Given entries:
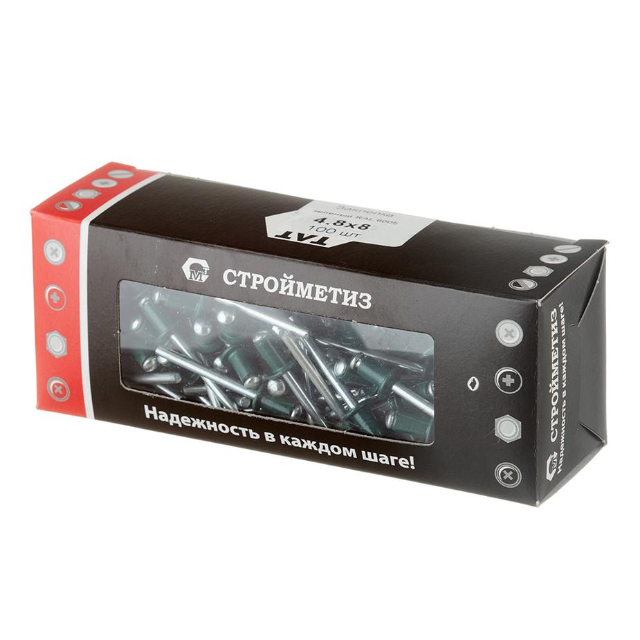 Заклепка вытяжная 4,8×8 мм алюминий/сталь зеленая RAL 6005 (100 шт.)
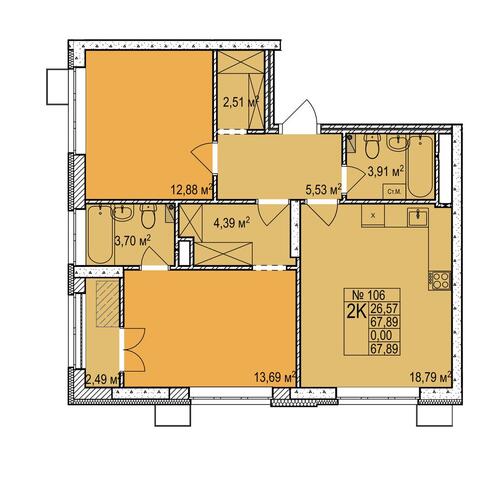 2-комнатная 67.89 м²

==

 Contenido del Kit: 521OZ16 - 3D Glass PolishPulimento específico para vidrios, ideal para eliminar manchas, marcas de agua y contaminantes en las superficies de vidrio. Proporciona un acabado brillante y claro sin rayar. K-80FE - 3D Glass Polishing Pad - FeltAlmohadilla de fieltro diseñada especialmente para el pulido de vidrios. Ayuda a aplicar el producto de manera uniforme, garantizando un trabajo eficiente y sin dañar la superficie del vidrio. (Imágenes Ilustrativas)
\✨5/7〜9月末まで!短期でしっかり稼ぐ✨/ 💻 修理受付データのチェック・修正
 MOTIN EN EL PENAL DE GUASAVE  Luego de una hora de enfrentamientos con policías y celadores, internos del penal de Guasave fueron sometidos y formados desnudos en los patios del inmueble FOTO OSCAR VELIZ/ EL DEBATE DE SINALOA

==

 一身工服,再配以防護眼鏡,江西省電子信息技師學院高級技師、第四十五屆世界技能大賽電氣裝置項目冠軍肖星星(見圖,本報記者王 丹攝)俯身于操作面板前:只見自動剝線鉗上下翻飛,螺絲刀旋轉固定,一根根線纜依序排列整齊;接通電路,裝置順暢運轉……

Work task: From the line containing "Заклепка вытяжная 4,8×8" through the line containing "2-комнатная 67.89 м²", copy every line above exactly, without pictures.

Answer to the problem:
 Заклепка вытяжная 4,8×8 мм алюминий/сталь зеленая RAL 6005 (100 шт.)
 2-комнатная 67.89 м²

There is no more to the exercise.